Rising use of GLP-1 medications among women with PCOS

• Among women prescribed a semaglutide or tirzepatide medication, the percentage with a PCOS diagnosis increased from 4.6% in 2021 to 5.7% in 2025, a 23.9% relative increase.
• Nearly all PCOS patients prescribed semaglutide or tirzepatide also had obesity or type 2 diabetes, suggesting use remains primarily tied to metabolic indications, though broader interest in PCOS benefits is growing within scientific literature.
• Among women with PCOS, semaglutide or tirzepatide prescribing increased from 2.4% in 2021 to 17.6% in 2025, a more than 7-fold increase.

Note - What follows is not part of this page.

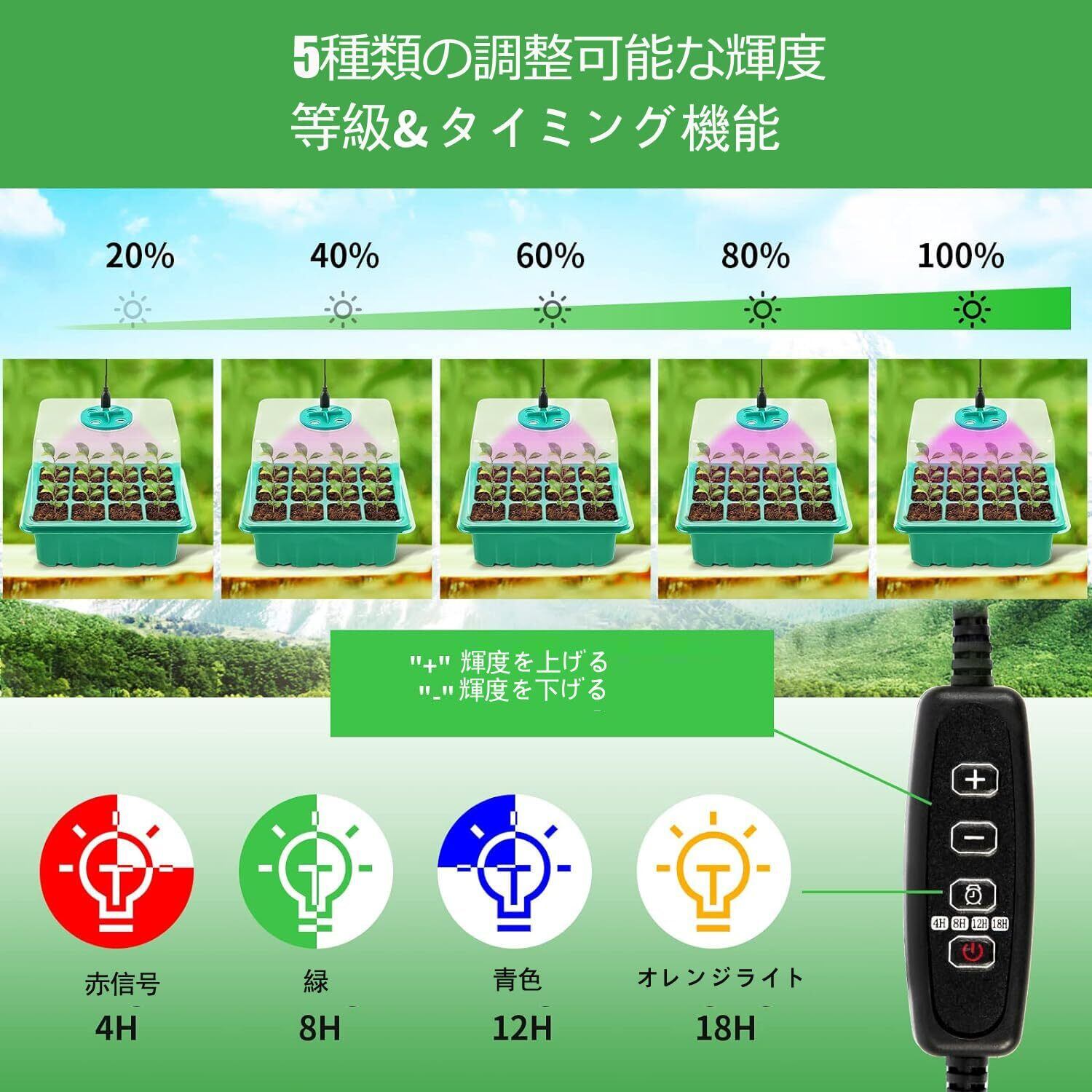【適用範囲広い】植物成長灯付き育苗ポットは種子発芽、幼苗、多肉挿入など多くの植物の絶好の選択。トマト、ジャガイモ、ピーマン、ナス、花、ハーブや野菜などの小さな種子、または果物やその他の植物に非常に適し、家、農場、中庭、バルコニーで利用するのも完璧。初心者に向けて絶品と言っても過言ではない。

Polycystic ovary syndrome (PCOS) is a condition that affects hormonal balance, affecting 6-10% of reproductive-aged women (1). Patients with PCOS experience excess production of androgens, which disrupts ovulation and leads to irregular menstrual cycles, infertility, acne, excess hair growth, and weight gain (1, 2). PCOS is also linked to other health conditions, including metabolic issues such as insulin resistance and type 2 diabetes (3).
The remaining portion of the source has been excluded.